Wednesday 23 November 2016

Trump likes to be ‘unpredictable.’ That won’t work in diplomacy.

Once when I was serving in the federal government, in the early 2000s, the Treasury Department was ready to issue an obscure communique. Just before it was set to be released, someone noticed a stray punctuation mark. The picayune typo could have led some to interpret the communique as a U.S. policy reversal on some territory where sovereignty was disputed. This mattered: Historically, foreign officials and the press parse every word that presidents and policy principals say to decipher any changes in policy. Even minute shifts in language can send important signals to the world.
In this case, the moment the typo was detected, we fixed the problem before it went public. A minor kerfuffle was averted.

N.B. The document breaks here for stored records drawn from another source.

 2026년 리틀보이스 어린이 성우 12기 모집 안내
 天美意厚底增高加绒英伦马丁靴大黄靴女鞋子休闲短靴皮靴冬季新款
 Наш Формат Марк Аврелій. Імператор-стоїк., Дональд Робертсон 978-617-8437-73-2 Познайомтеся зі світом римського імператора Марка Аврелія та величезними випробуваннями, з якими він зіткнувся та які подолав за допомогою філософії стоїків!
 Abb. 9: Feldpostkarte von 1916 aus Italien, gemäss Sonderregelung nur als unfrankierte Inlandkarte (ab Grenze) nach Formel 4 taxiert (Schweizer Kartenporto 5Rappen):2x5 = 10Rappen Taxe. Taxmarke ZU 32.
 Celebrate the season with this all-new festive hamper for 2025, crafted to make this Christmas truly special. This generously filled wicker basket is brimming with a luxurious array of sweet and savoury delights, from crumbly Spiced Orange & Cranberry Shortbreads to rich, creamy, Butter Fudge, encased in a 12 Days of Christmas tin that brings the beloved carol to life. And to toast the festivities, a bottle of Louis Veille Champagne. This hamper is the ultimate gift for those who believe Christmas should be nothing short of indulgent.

Now imagine trying to clean up President-elect Donald Trump’s statements.
From both the campaign and the first few weeks of the transition, we know that Trump will pop off at anyone he perceives as crossing him at any moment. Trump didn’t like a tough question from Megyn Kelly in an August 2015 debate, and for months on end he railed about her on Twitter. When Judge Gonzalo Curiel ruled against him in fraud litigation over Trump University, he spent the next week openly questioning the judge’s impartiality because of Curiel’s ethnicity. The mainstream media has been an object of Trump’s ire for the past 18 months. And since winning the election, Trump has communicated with the public mostly through Twitter — and has devoted far more tweets to lambasting “Hamilton” and “Saturday Night Live” than to his thoughts about which policies he’ll implement.

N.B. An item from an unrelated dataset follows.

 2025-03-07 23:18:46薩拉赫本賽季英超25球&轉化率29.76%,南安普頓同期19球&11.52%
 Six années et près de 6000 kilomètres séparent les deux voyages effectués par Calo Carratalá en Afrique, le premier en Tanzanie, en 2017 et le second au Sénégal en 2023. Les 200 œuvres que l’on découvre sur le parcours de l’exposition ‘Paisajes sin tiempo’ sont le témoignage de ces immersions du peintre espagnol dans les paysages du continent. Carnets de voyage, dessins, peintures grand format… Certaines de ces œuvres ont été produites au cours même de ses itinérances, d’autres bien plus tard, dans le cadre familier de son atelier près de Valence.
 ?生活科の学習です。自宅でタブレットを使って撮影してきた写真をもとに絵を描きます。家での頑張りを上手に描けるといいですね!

Beginning on Jan. 20, we will have a president who is so all over the map that it will be difficult to parse his remarks the way the world has, up to now, combed over what his predecessors have said. The search for meaning in Trump’s word salads won’t be easy. Indeed, an adviser to Japanese Prime Minister Shinzo Abe told Reuters that Trump’s aides informed him that “we don’t have to take each word that Mr. Trump said publicly literally.”